**TASK PROMPT**
From the line containing "Wilfred Free Aritzia" through the last line of the entries below, transcribe each line exactly, excluding any picture.

**Data extracted from a collection**
= = = = = = =

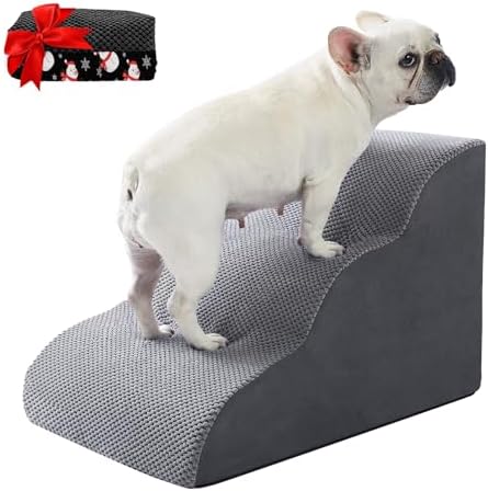 SAFETY & STURDY DOG STAIRS: Dog ramps for small dogs are constructed from high-density 30D foam, which has good recovery and is not easy to deform and collapse, providing excellent support for dogs and cats, safeguarding their joints, and offering maximum climbing comfort. The dog steps feature a non-slip bottom and lightweight sponge material, ensuring a safe climbing experience for pups, older dogs, or injublack cats, whether indoors or outdoors
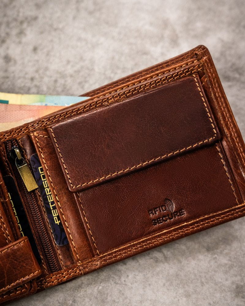 Peterson Velika, usnjena moška denarnica z reliefnim prikazom zodiakalnega znamenja
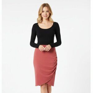 Wilfred Free Aritzia Dark Coral Red Ruched Wrap Midi Skirt Size XXS
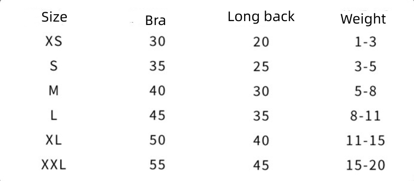Size: XS (recommend weight 0.50 kilograms-1.50 kilograms, S (recommend weight 1.50 kilograms-2.50 kilograms, M (recommend weight 2.50 kilograms-4.00 kilograms, L (recommend weight 4.00kg-5.50kg, XL (recommend weight 5.50kg-7.50kg, XXL (recommend weight 7.50kg-10.00kg
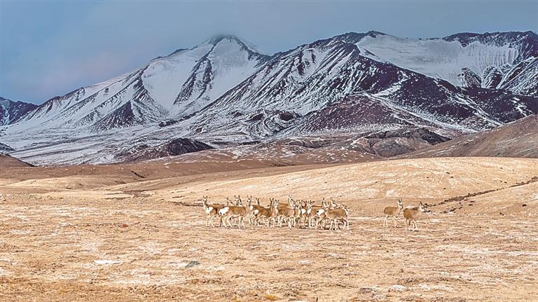 冬日,國家二級保護(hù)野生動物藏原羚在甘肅省阿克塞縣阿勒騰鄉(xiāng)哈爾騰草原活動覓食。新華社發(fā)

= = = = = = =

**TASK OUTPUT**
 Wilfred Free Aritzia Dark Coral Red Ruched Wrap Midi Skirt Size XXS
Size: XS (recommend weight 0.50 kilograms-1.50 kilograms, S (recommend weight 1.50 kilograms-2.50 kilograms, M (recommend weight 2.50 kilograms-4.00 kilograms, L (recommend weight 4.00kg-5.50kg, XL (recommend weight 5.50kg-7.50kg, XXL (recommend weight 7.50kg-10.00kg
 冬日,國家二級保護(hù)野生動物藏原羚在甘肅省阿克塞縣阿勒騰鄉(xiāng)哈爾騰草原活動覓食。新華社發(fā)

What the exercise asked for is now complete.